**Collected data:**

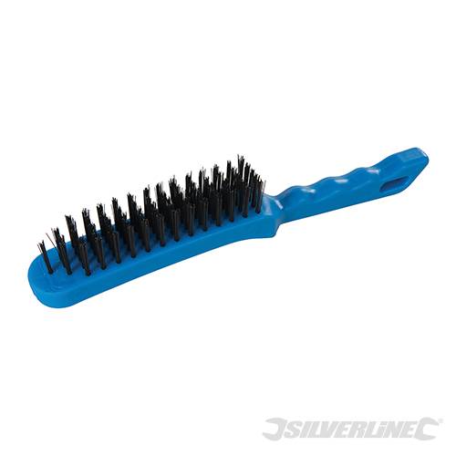 Heavy duty steel wire brush with stay-clean, tough plastic handles. Bristle length 25mm. Length 280mm.
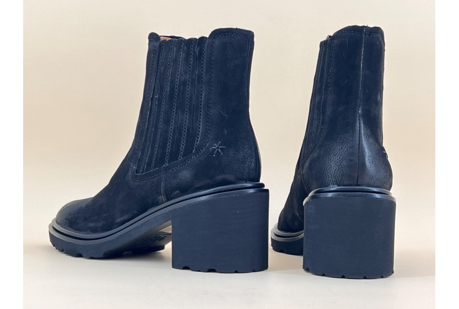 Du haut de leur talon carré, ces bottines NICAM de la marque Mam'zelle s'affiment par leur look à la fois sport et féminin. Avez-vous remarqué cette belle finition sur le haut de la tige? Cette soigneuse découpe mettra en valeur vos mollets, c'est une certitude! On adore leur cuir mat qui leur confère cet aspect brut légèrement cirée en bout de forme. De part leur facile enfilage, vous serez rapidement prête à piétiner les rues de la ville. Nous vous les proposons en version noire ou cigare.
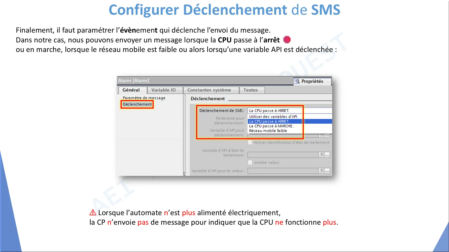 Paramétrer alarme CPU

**What you should do:** The response is the full listing, copied exactly, with the pictures omitted.

**Written reply:**
 Heavy duty steel wire brush with stay-clean, tough plastic handles. Bristle length 25mm. Length 280mm.
 Du haut de leur talon carré, ces bottines NICAM de la marque Mam'zelle s'affiment par leur look à la fois sport et féminin. Avez-vous remarqué cette belle finition sur le haut de la tige? Cette soigneuse découpe mettra en valeur vos mollets, c'est une certitude! On adore leur cuir mat qui leur confère cet aspect brut légèrement cirée en bout de forme. De part leur facile enfilage, vous serez rapidement prête à piétiner les rues de la ville. Nous vous les proposons en version noire ou cigare.
 Paramétrer alarme CPU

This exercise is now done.